The State argued that the portion of the interview in which another young child was mentioned should be excluded under the court’s ruling on past sexual behavior. The trial court held that the evidence could be excluded with the caveat that the State could not then argue that the girl had sexual knowledge that only could have originated from the defendant’s conduct.
The Court of Appeals affirmed the trial court’s decision to exclude the evidence as it held that the girl likely misspoke about the other girl placing glue on her, and thus, there was no evidence that the prior sexual behavior was relevant to prove any prior sexual knowledge related to her allegations against the defendant.
The defendant also argued that the two cases should have been severed because they involved different acts and occurred at different times. He claimed that refusing to sever the charges made his conviction more likely.

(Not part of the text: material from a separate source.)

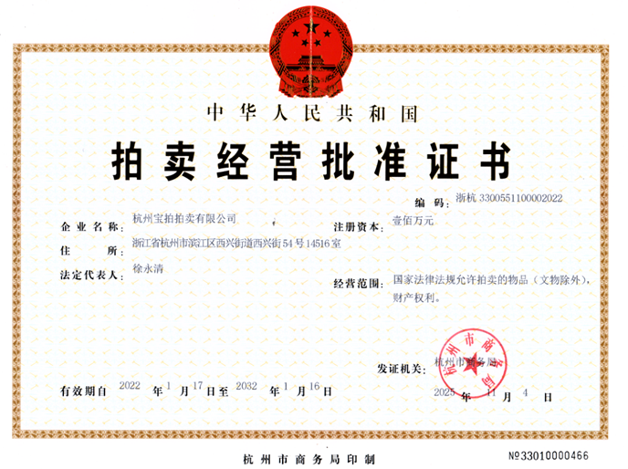 受委托,杭州宝拍拍卖有限公司(以下简称“拍卖人”)定于2026年02月05日10时至2026年02月06日10时止(延时除外)在特资圈资产竞价网络平台上(网址:https://www.teziquan.com,百度或手机应用市场搜索关注“特资圈”)对以下竞买标的物进行公开竞价活动,现公告如下: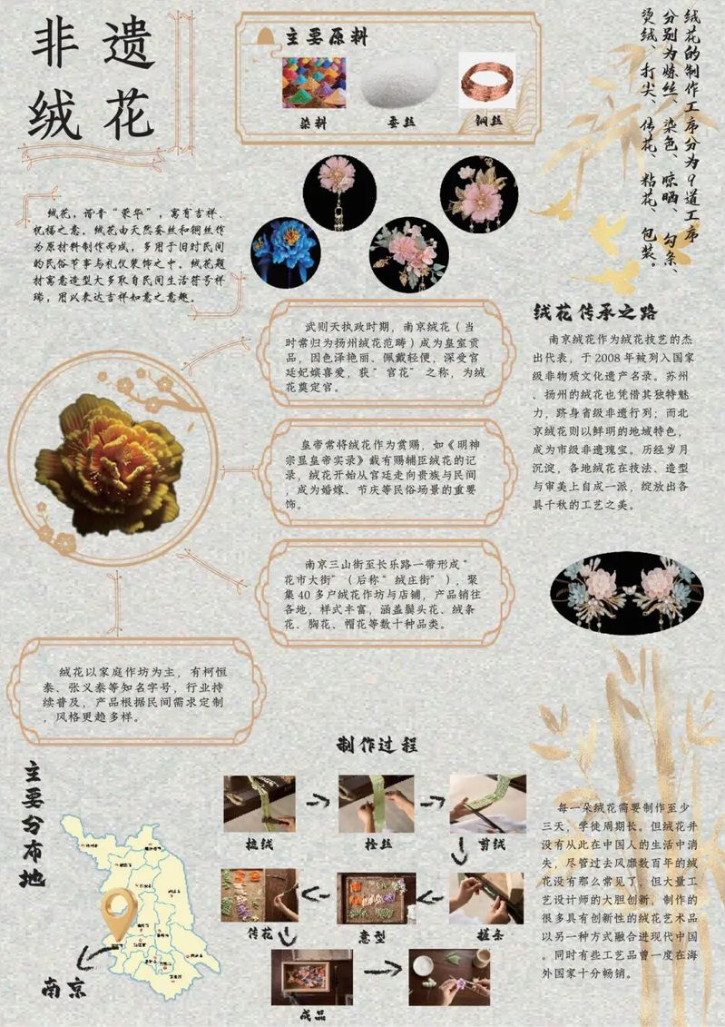 作品阐释:作品阐释:作品以淡黄色为主色调,通过展现绒花的发展历程、原料以及制作过程,体现非遗绒花的价值以及传承意义,希望能以此来推动普及以及传承非遗文化。

Again, the Court disagreed and affirmed the trial court’s ruling to try all of the charges together.
The Court noted that if “evidence of one charged offense would be admissible as a similar transaction during trial on another charged offense, the trial court is vested with discretion in deciding whether to grant a motion to sever.” Despite the difference in ages of the girls and the time span between the alleged offenses, the Court found that evidence of each crime would likely be admissible in the trial of the other given that they both involved sexual offenses against his granddaughters.
As a result, the Court affirmed the defendant’s child molestation convictions.